Современная венгерская проза - [182]
Пирока заметила у входа девушку почтальоншу в шортах и, поставив корзину на дорожку, пошла ей навстречу. Декан все бормотал себе под нос:
— Взгляните на этот цветок! Поистине чудо… В один прекрасный день в землю падает крошечное зернышко, и вырастает из него роскошное дерево. Отчего? Никто еще не разгадал эту тайну. Сие одному господу богу ведомо!
Повернувшись, чтобы бросить в корзину увядший, сникший цветок, он только теперь заметил, что остался один.
— Гм… каждая редиска обходится в двадцать форинтов?.. Ну, да как же быть — двор-то огромный, что ж, оставить его в запустении?.. Ведь это грех — пренебрегать тем, что даровано господом!.. Оно, конечно, и сорняки — твое создание. И крапива… А какое лакомство суп из крапивы! Или сельдерей! Будь я химик, одеколон из сельдерея придумал бы. — Он глубоко вздохнул и покосился в сторону дома. — Что-то сегодня на обед у нас?
Держа в руке пачку писем и газет, Пирока крикнула с порога:
— Господин декан! Траурное извещение!
Священник вздохнул и бросил садовые ножницы в корзину.
— Право, не знаю, что ужаснее, пережить всех своих друзей или умереть прежде их.
Неохотно оставив любимое занятие, декан взял почту и скрылся в своей комнате.
Больше он не показывался. Некоторое время спустя Пирока заподозрила что-то неладное, но не нашла предлога, чтобы потревожить декана. Наконец, без четверти два, когда обед был готов, она постучалась к нему и, хотя ответа не последовало, осторожно приотворила дверь.
— Можно накрывать, господин декан?
Старый священник стоял на коленях перед распятием спиною к двери, закрыв лицо большими ладонями. Он даже не шелохнулся на голос, быть может, не услышал его, лишь пробормотал невнятно, с глубоким стоном: «Ох, господи!» На столе, раскрытое, лежало траурное послание.

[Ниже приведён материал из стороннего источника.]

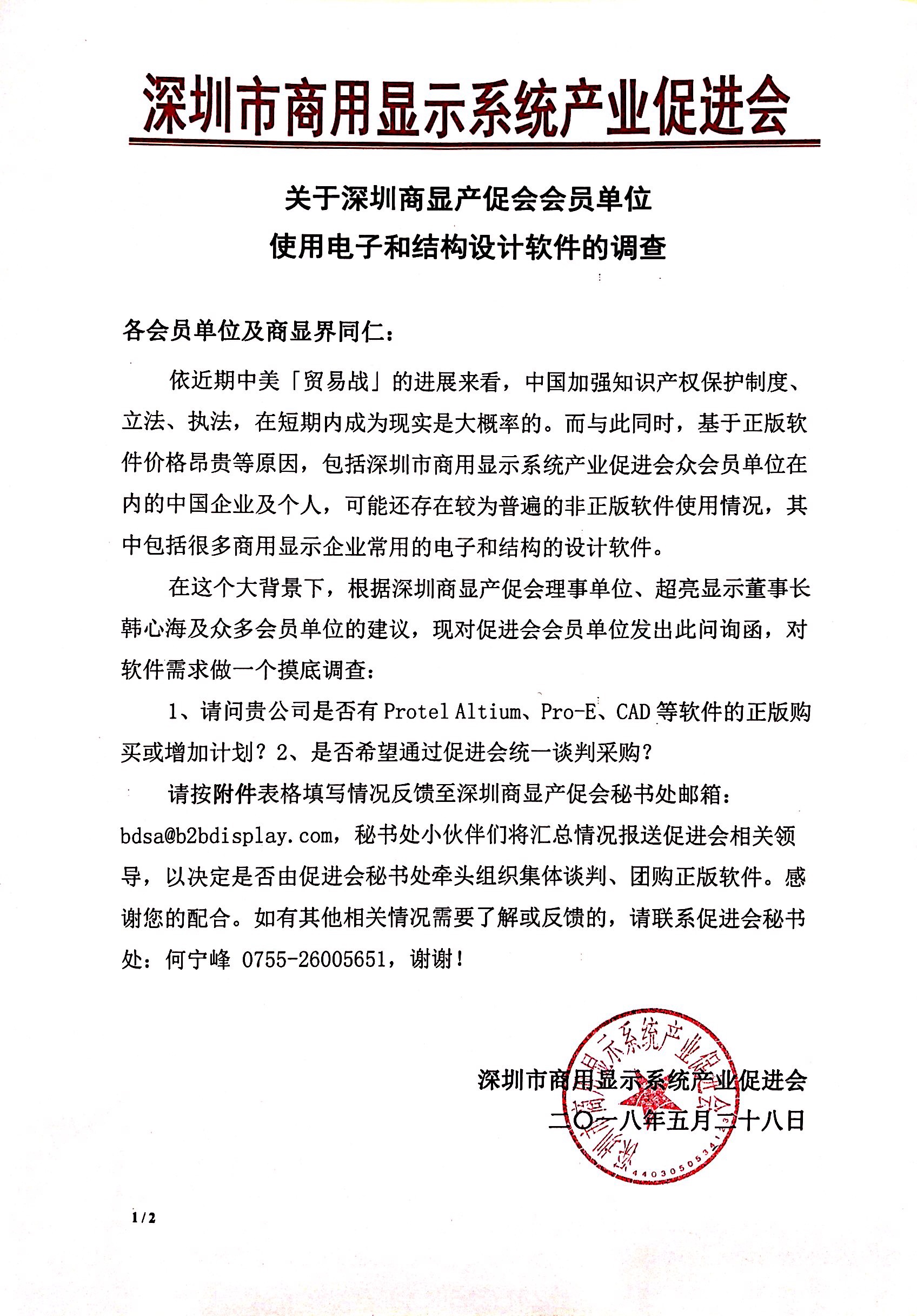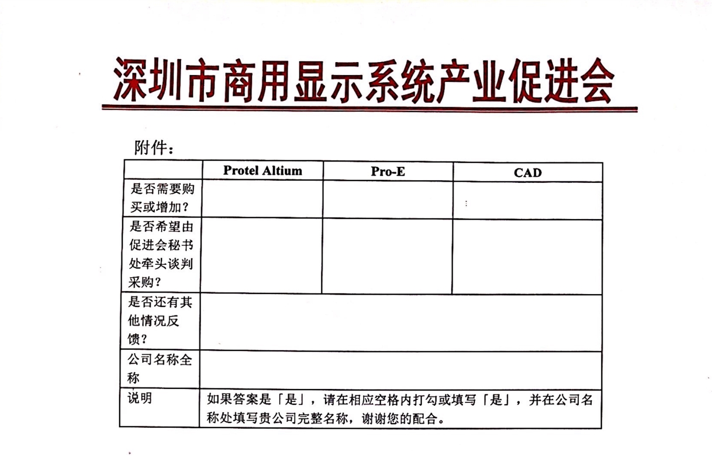 请按下列表格填写情况反馈至深圳商显产促会秘书处邮箱:bdsa@b2bdisplay.com,秘书处小伙伴们将汇总情况报送促进会相关领导,以决定是否由促进会秘书处牵头组织集体谈判、团购正版软件。感谢您的配合。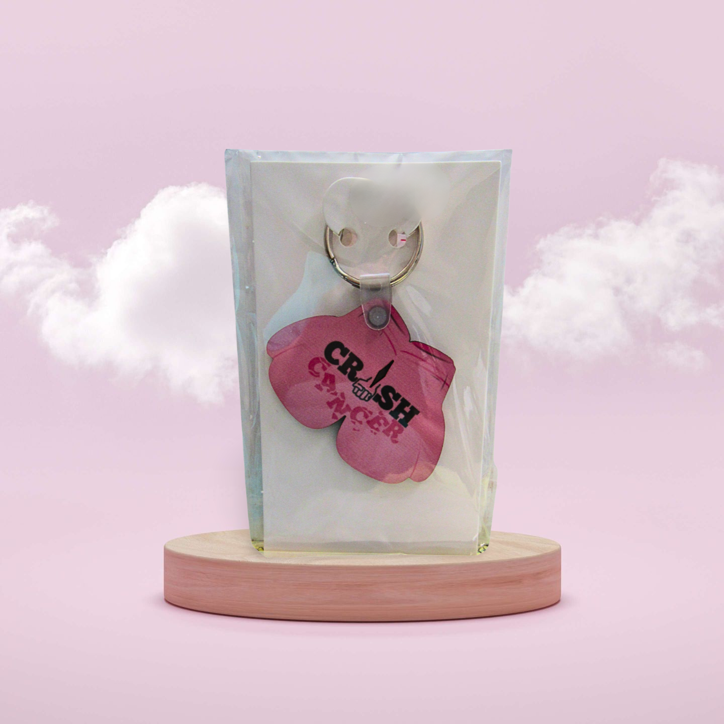 Raise awareness in style with this unique boxing glove-shaped breast cancer keychain. Show your support for the cause with this beautifully sublimated accessory.$1.50 from sale will be donated to breast cancer research.

Чуть-чуть поколебавшись, домоправительница неслышно подошла к столу в своих парусиновых — для беременных — туфлях и, не беря в руки, одним духом прочитала извещение:
«…Ему ведома была одна только мера — стремление к совершенству, сию стезю он назначил себе сам и иных желаний не ведал.
Смиряясь пред волей Господней, извещаем Вас о том, что Рафаэль Балог, бывший францисканский монах, 28 января 1978 года, семидесяти шести лет от роду, после недолгих страданий, окончил свой земной путь, прямой и чистый, и ныне вступил в обетованный край, коего вся его жизнь была утверждением.
Горько скорбящие
Тамаш Балог и его семейство.
Да приидет ко мне каждый человек, кого назначил мне Отец.
(Янв. 6,37)»
Домоправительница, сосредоточенно роясь в памяти, глядела на согбенную спину коленопреклоненного священника. «Кто ж бы это такой — Рафаэль Балог?»
На цыпочках вернулась она на кухню и принялась за обед в одиночестве: если уж господину декану придется довольствоваться перестоявшимся обедом, так хоть сама насладится им, свеженьким, с пылу с жару!
Но священник не прикоснулся и к подогретым яствам. Отказался он и от полдника, когда же домоправительница, тревожась все пуще, стала умолять его отведать хоть что-нибудь, с несвойственной ему твердостью отослал ее прочь:
— Оставьте меня в покое, Пиро! Очень прошу вас, оставьте меня нынче в покое!
— Да с чего это вы так к сердцу-то принимаете? — заупрямилась домоправительница. — Я испанские консервы открыла, с раками. Вы же любите… А он никогда и не бывал у нас, ваш отец Рафаэль! Я всех помню, кто заезжал сюда за эти шестнадцать лет. И, чтобы вы к нему, господин декан, ездили, не упомню… Так кто же он был вам?
— Что вы об этом знаете! Оставьте меня, хорошо?
— Да раков-то можно принесу?
— Нынче я пощусь… А в семь утра попрошу чаю.
Пирока поняла, что в этот вечер декан уже недостижим для кого бы то ни было. Она приготовила ему постель, поставила рядом с кроватью бутылку содовой, стакан, положила чистый носовой платок и оставила своего хозяина в покое.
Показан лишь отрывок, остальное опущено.